However, cash dividends on and redemptions of preferred stock are
allowed, so long as no event of default, as defined, has occurred
and is continuing or would occur as a result of such payment.  At
March 31, 1996, the Company was not in violation of any covenants
of the Facility.




                                  11


<PAGE>


Item 2.   Management's Discussion and Analysis or Plan of
          Operation.


                      Results of Operations

  The following table sets forth certain information regarding
the production volumes, oil and gas sales, average sales prices,
average lease operating expenses and general and administrative
expenses associated with the Company's oil and gas sales for the
periods indicated.




                                 Three months ended March 31,
                                 ---------------------------

                                    1996            1995
                                 -----------    ------------

Net Production:
- ---------------
   Oil (Bbls)                       110,541         41,284
   Gas (Mcf)                        833,490        174,152
                                 -----------    ------------
   BOE                              249,456         70,309
                                 -----------    ------------

Oil and Gas Sales:
- ------------------
   Oil                           $2,070,746        710,058
   Gas                            1,724,457        380,690
                                 -----------    ------------
                                 $3,795,203     $1,090,748
                                 -----------    ------------
Average Sales Price:
- --------------------
   Oil (Bbls)                        $18.73         $17.20
   Gas (Mcf)                         $ 2.07         $ 2.19



Average Lease
- -------------
 Operating Expenses:
 -------------------
   Per BOE                           $ 2.43         $ 4.22


General and Administrative
- --------------------------
 Expenses:
 ---------
   Per BOE                           $ 1.83         $ 3.37










                               12

<PAGE>





Three months ended March 31, 1996 compared with three months
- ------------------------------------------------------------
ended March 31, 1995
- --------------------

Revenues:

  Total revenues increased by $2,704,455 (247.9%) to $3,795,203
for 1996 from $1,090,748 for 1995.  The increase in revenues is
due to the increase in production from the development of the
GAU, acquisitions completed during 1995 and the UMC Acquisition
and the CA Acquisition completed during the first quarter of
1996.  Also, in 1996, the Company recognized $112,875 in
hedging gains from commodity swap agreements (see "Changes in
Prices and Inflation" below).

Costs and Expenses:

  Total costs and expenses increased $1,973,165 (212.7%) to
$2,900,859 for 1996 from $927,694 for 1995.  Lease operating
expenses and production taxes increased $437,335 (122.3%) to
$794,850 for 1996 from $357,515 for 1995 primarily due to the
development of GAU, acquisitions completed during 1995, the UMC
Acquisition and the CA Acquisition.  Lease operating expenses as
a percent of oil and gas sales decreased to 16.0% for 1996 from
27.2% for 1995. This decrease is a result of the lower operating
costs of the acquired properties combined with reductions in
costs at the GAU obtained through economies of scale resulting
from the additional wells drilled since August 1994.

   Depreciation, depletion and amortization increased $1,317,146
(394.9%) to $1,650,654 for 1996 compared to $333,508 for 1995. This
increase is due to the increased production from the GAU and the
acquisitions noted above.
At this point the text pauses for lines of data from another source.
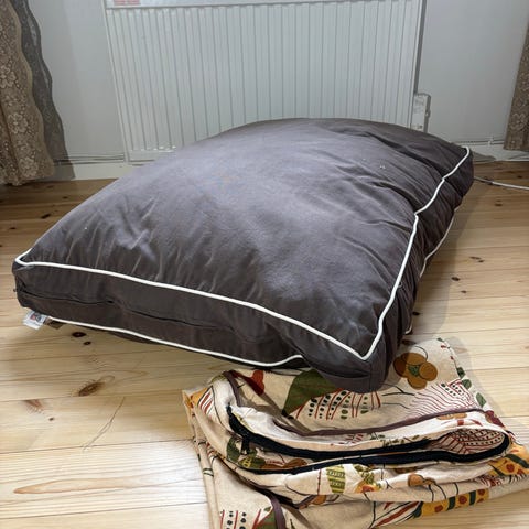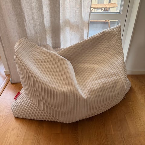 Jättefin stor saccosäck/sittsäck. Inte jättemycket kulor i den nu. Kan fyllas på med mer om man vill ha en fastare sittkomfort. Funkar också bra som den är.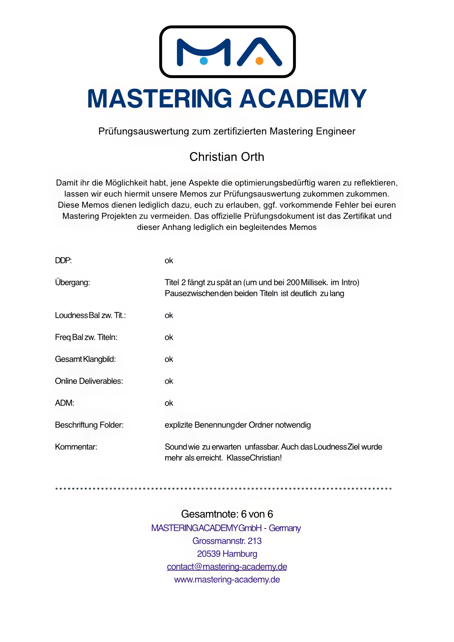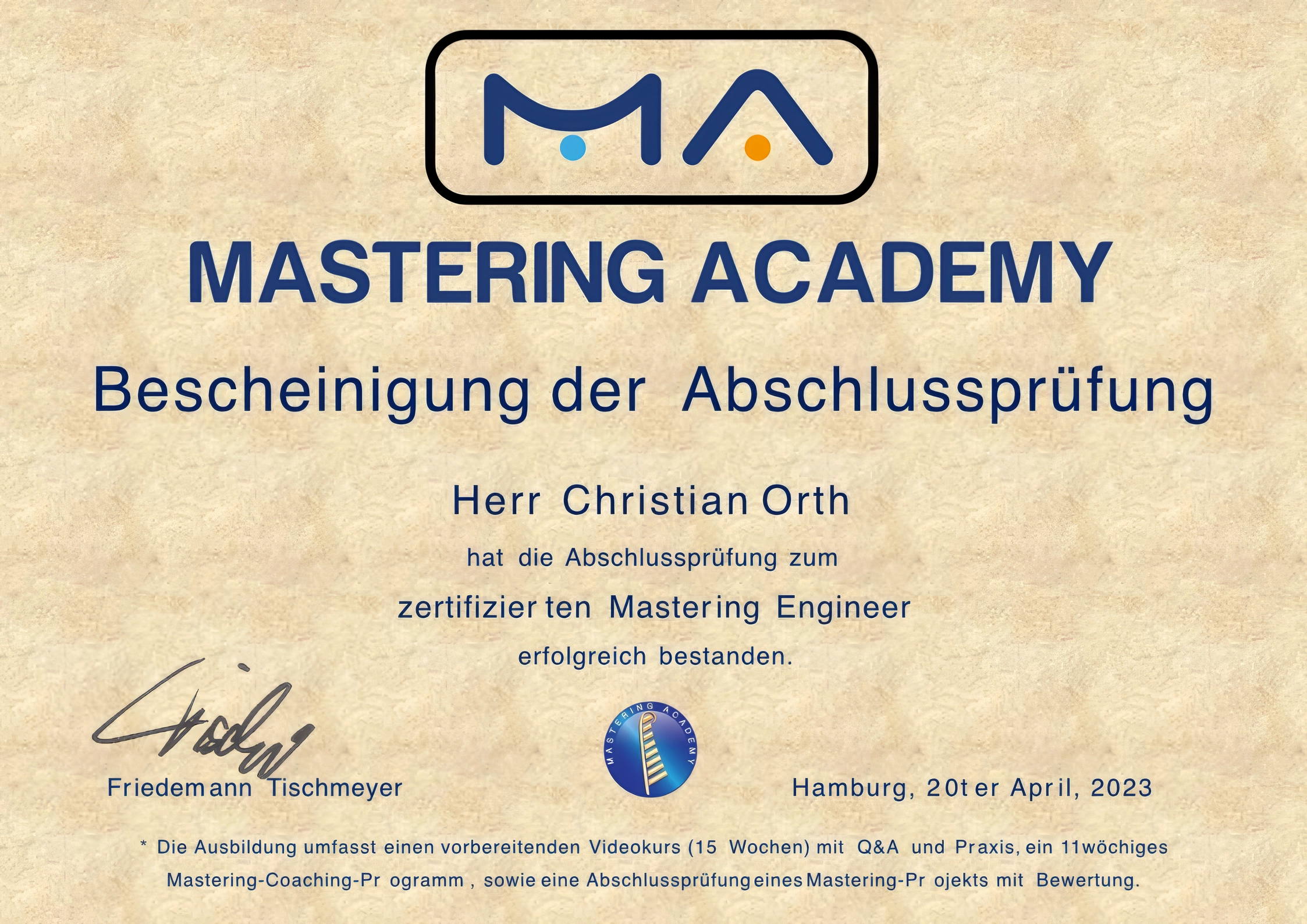 Am 31.03.2023 habe ich die Ausbildung zum Mastering Engineer an der Mastering Academy GmbH in Frankfurt abgeschlossen. Die Ausbildung war für mich der Schritt, bestehende Hör- und Arbeitsroutinen zu strukturieren und Entscheidungen im Mastering klar und reproduzierbar zu treffen.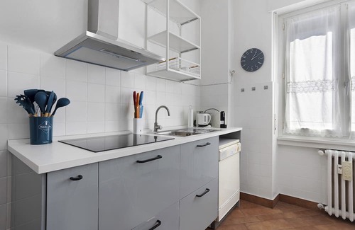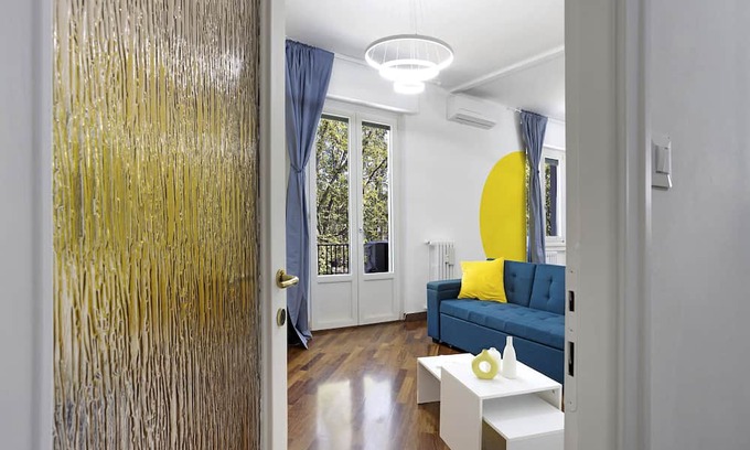 The holiday home Casa Mati' in Milano is the perfect accommodation for an stress-free holiday with your loved ones. The 95 m² property consists of a living room with a sofa bed for 2 people, a fully-equipped kitchen, 2 bedrooms and 1 bathroom and can therefore accommodate 6 people. Additional amenities include high-speed Wi-Fi (suitable for video calls) with a dedicated workspace for home office, a TV, air conditioning as well as a washing machine. The building in which the accommodation is located has an elevator. This vacation rental features a small private balcony.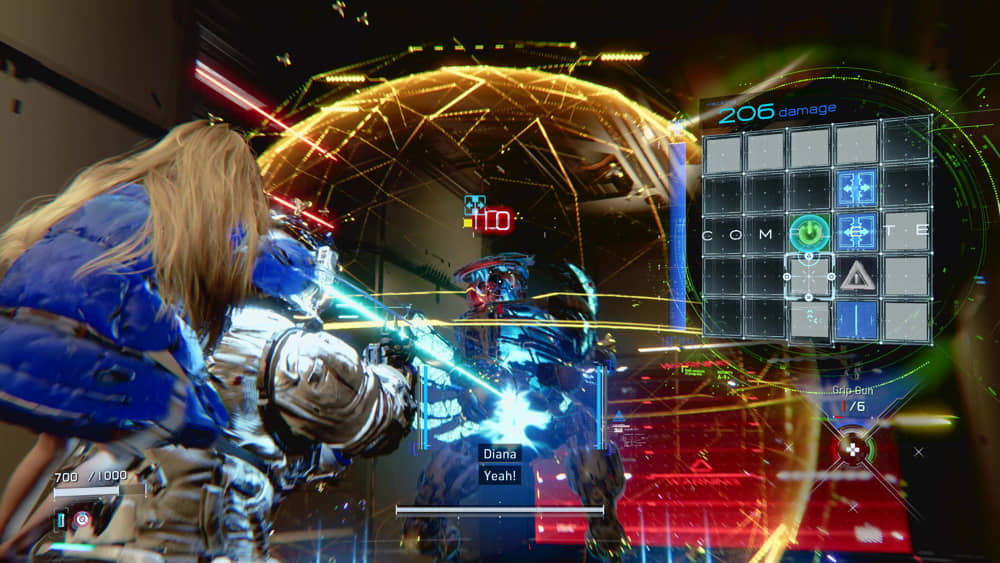 ข้อดีคือ หากการแฮ็กของคุณถูกขัดจังหวะ ความคืบหน้าของคุณจะไม่หายไป ดังนั้นคุณสามารถทำต่อจากจุดที่ค้างไว้ได้ นอกจากนี้ แต่ละการต่อสู้ยังเติมแถบพิเศษอีกด้วย เมื่อมันเต็ม Diana จะเข้ามาแทรกแซงด้วยการแฮ็กขนาดใหญ่ที่ทำให้ศัตรูเป็นอัมพาต ณ จุดนั้น คุณสามารถสร้างความเสียหายมหาศาลได้ และยังมีแอนิเมชันการเผด็จศึกสุดเท่ที่ตัวละครหลักกระโดดขึ้นไปบนตัวศัตรูและวางระเบิด การระเบิดนั้นเป็นการจบการต่อสู้ได้อย่างมีสไตล์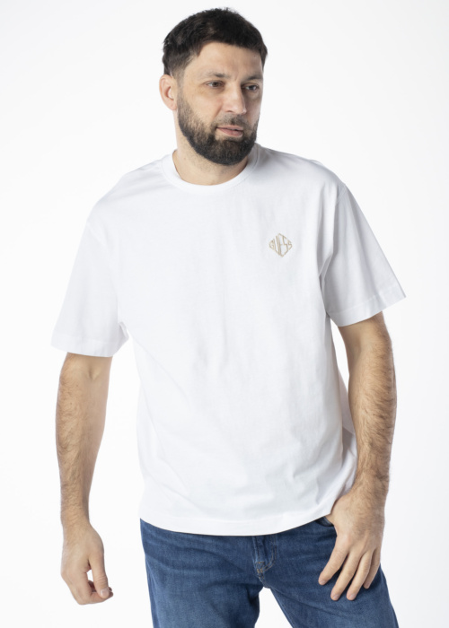 Футболка Guess Diamante - это стильная и универсальная вещь для вашего гардероба. Она имеет круглый вырез, классический дизайн и логотип бренда на груди. Модель имеет рост 188 см и носит размер L.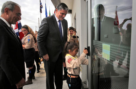 Registo fotográfico do Presidente do Governo Regional dos Açores, Vasco Cordeiro, acompanhado pelo Secretário Regional da Educação, Ciência e Cultura, Luiz Manuel Fagundes Duarte, na abertura do edifício do Centro de Formação do Belo Jardim, na Praia da Vitória, por uma criança pertencente ao Corpo Nacional de Escutas (CNE), da Região dos Açores.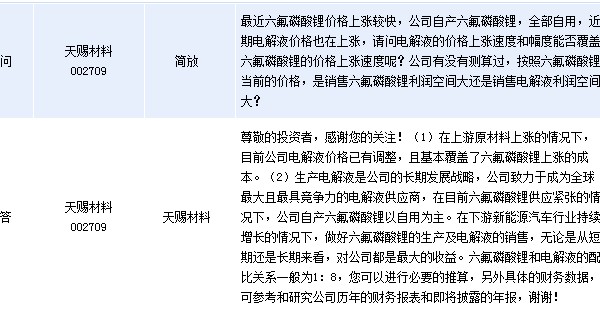 天賜材料(002709)周三晚間在全景網互動平臺上表示,在上游原材料上漲的情況下,目前公司電解液價格已有調整,且基本覆蓋了六氟磷酸鋰上漲的成本。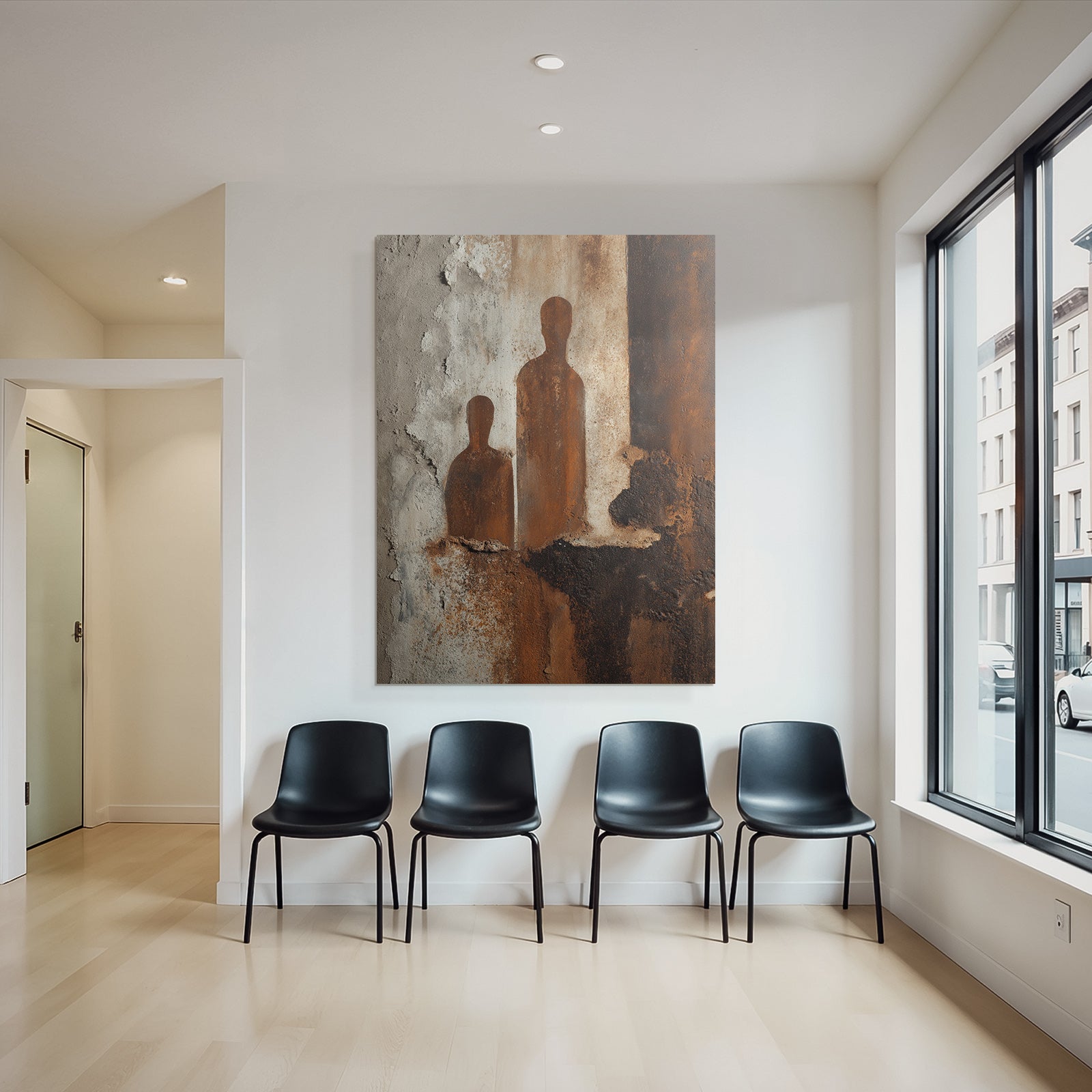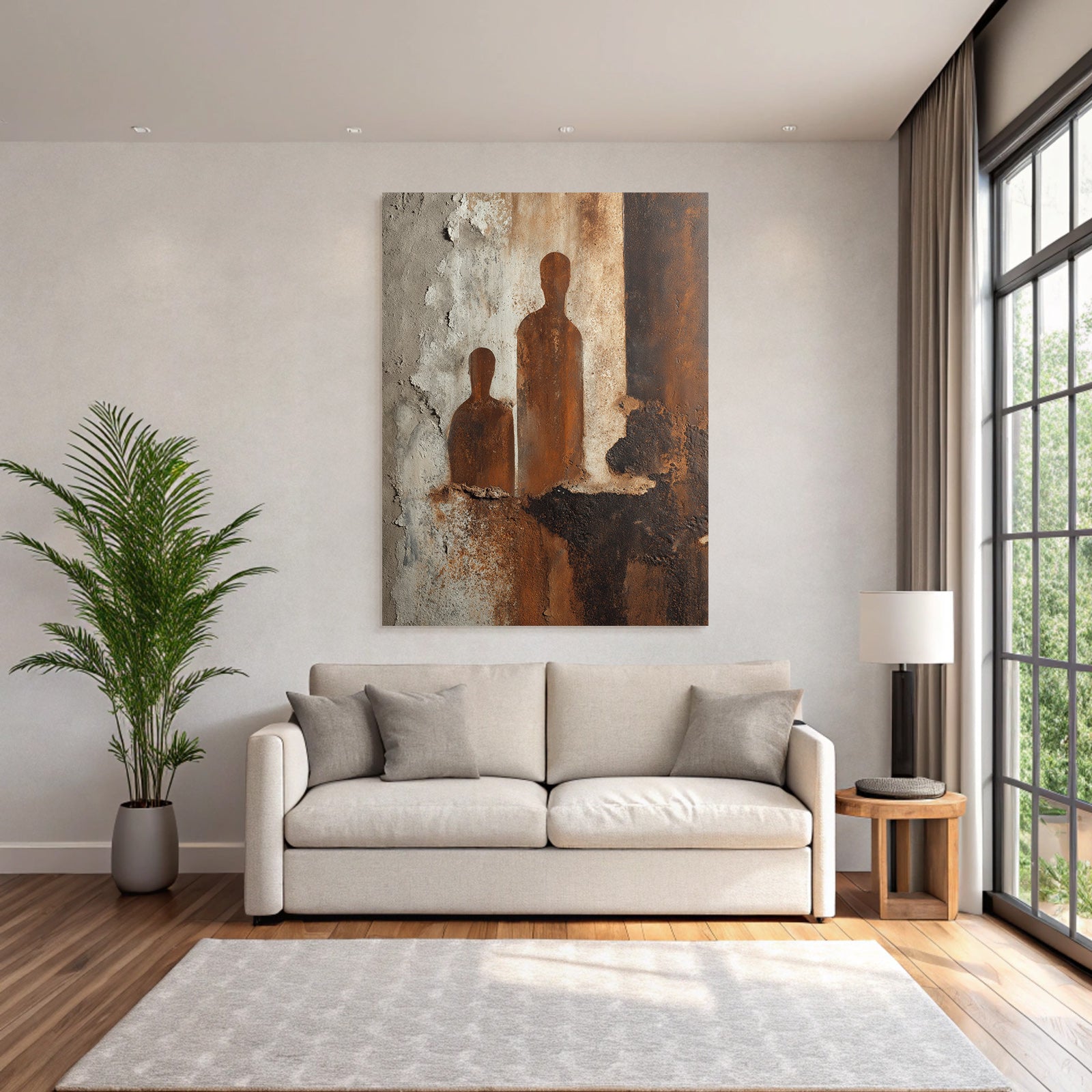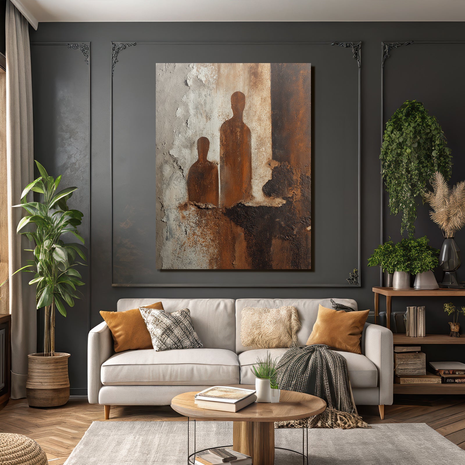 Ideal für Innenräume mit Stil: „„ Zwei Silhouetten Rost Textur Wand““ im Stil Industrial zieht im FameFrame die Blicke auf sich – egal ob Zuhause oder im Geschäft.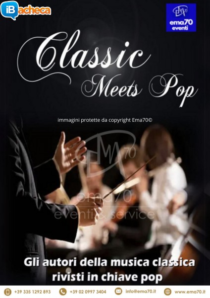 Gli autori della musica classica rivisti in chiave pop uno dei concerti tra i più originali di ema70 eventi, le più belle melodie della musica classica proposte in chiave pop, ma anche bellissimi brani pop divenuti un classico…insomma, un concerto assolutamente da non perdere! quando la musica classica incontra il pop…il risultato è sorprendente!!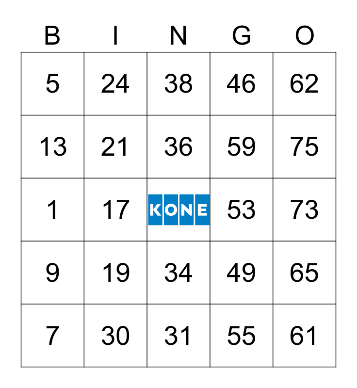 This bingo card has a free space and 24 words: 7, 19, 36, 55, 62, 5, 24, 38, 53, 73, 1, 21, 49, 65, 13, 30, 31, 46, 75, 9, 17, 34, 59 and 61.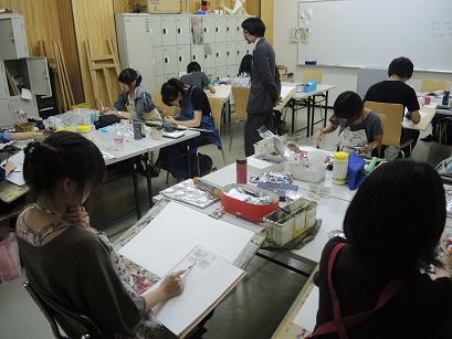 10 October 授業報告 今週の七条校STSPでは、色彩課題の作家研究・自画像が行われています。描写と聴くと、修行僧のような、なんだか堅苦しい印象に聴こえる自分ですが、色彩と聴くと、なんだか軽やかな印象を持っています。その印象通り、教室も華やかで賑やか。一般の人が抱く美術の印象ってのは、こういうモノなのかもしれませんね。 夜間の授業でも、これまた「日本の匠」をテーマにした色彩課題が始まりました。「描写、日本の匠」と聴くと、なんだか怖い、昔気質の師匠が思い浮かび、堅苦しく聴こえますが、「色彩で日本の匠」なのでこれまた軽やかな耳障りです。 秋の特講は、京芸補強と国公立・私大対策が行われ、京芸補強ではこれまた軽やかな色彩課題です。 忙しいと、人は知らず知らずその場の空気を殺伐とさせてしまいます。私も気をつけます。そんなときほど、軽やかに行きたいですね。田和 [0回]PR 2013/10/10 (Thu) 18:18 アスクでのこと Comment(0)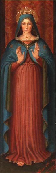 The Virgin Mary in a blue cloak.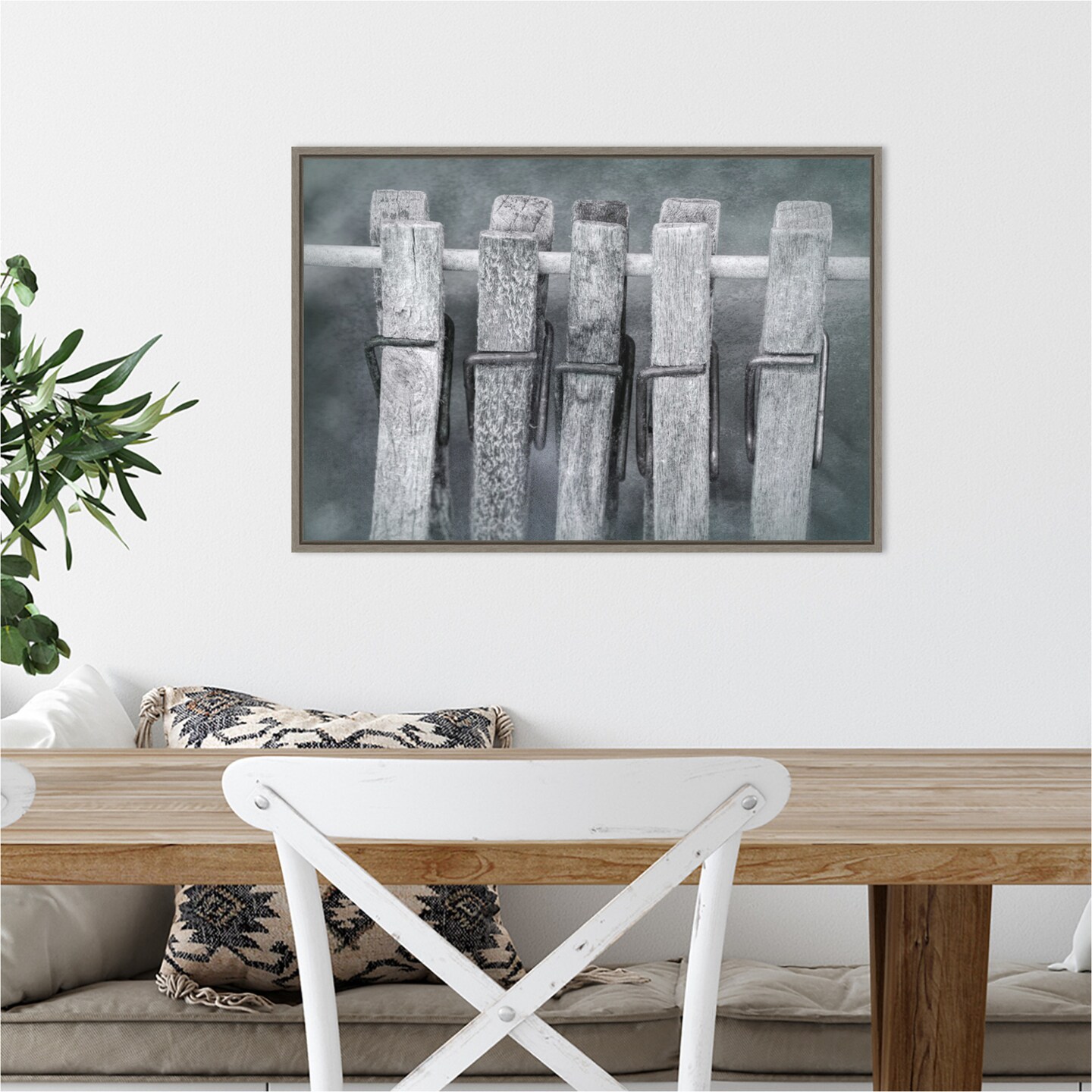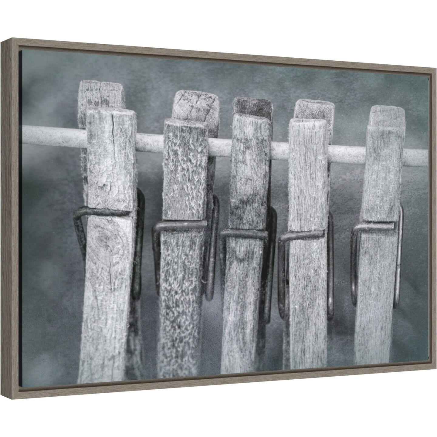 Black and white of clothespins hanging from clothes line by Jaynes Gallery Danita Delimont 23-in. W x 16-in. H. Canvas Wall Art Print Framed in Grey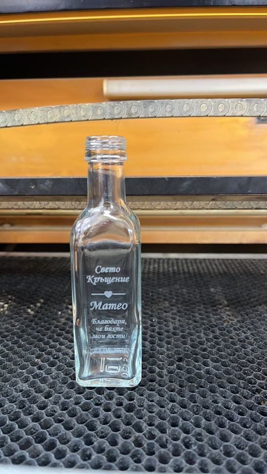 Симпатична малка бутилка с вместимост 100мл. Подходяща за подаръче за гостите на вашата сватба или кръщене! Бутилката е с квадратна форма .

The depletion rate per BOE was $6.62 for
1996 compared to $4.74 for 1995. This increase in the depletion rate
is primarily due to downard revisions in estimated, proved reserves
at December 31, 1995.

  Although general and administrative expenses ("G & A")
increased $218,684 to $455,355 for 1996,  G & A per BOE decreased
to $1.83 (45.7%) for 1996 from $3.37 for 1995.  This decrease is
attributable to the increase in production from the GAU and the
acquisitions made during 1995 and 1996, without a proportionate
increase in the general and administrative costs to the Company.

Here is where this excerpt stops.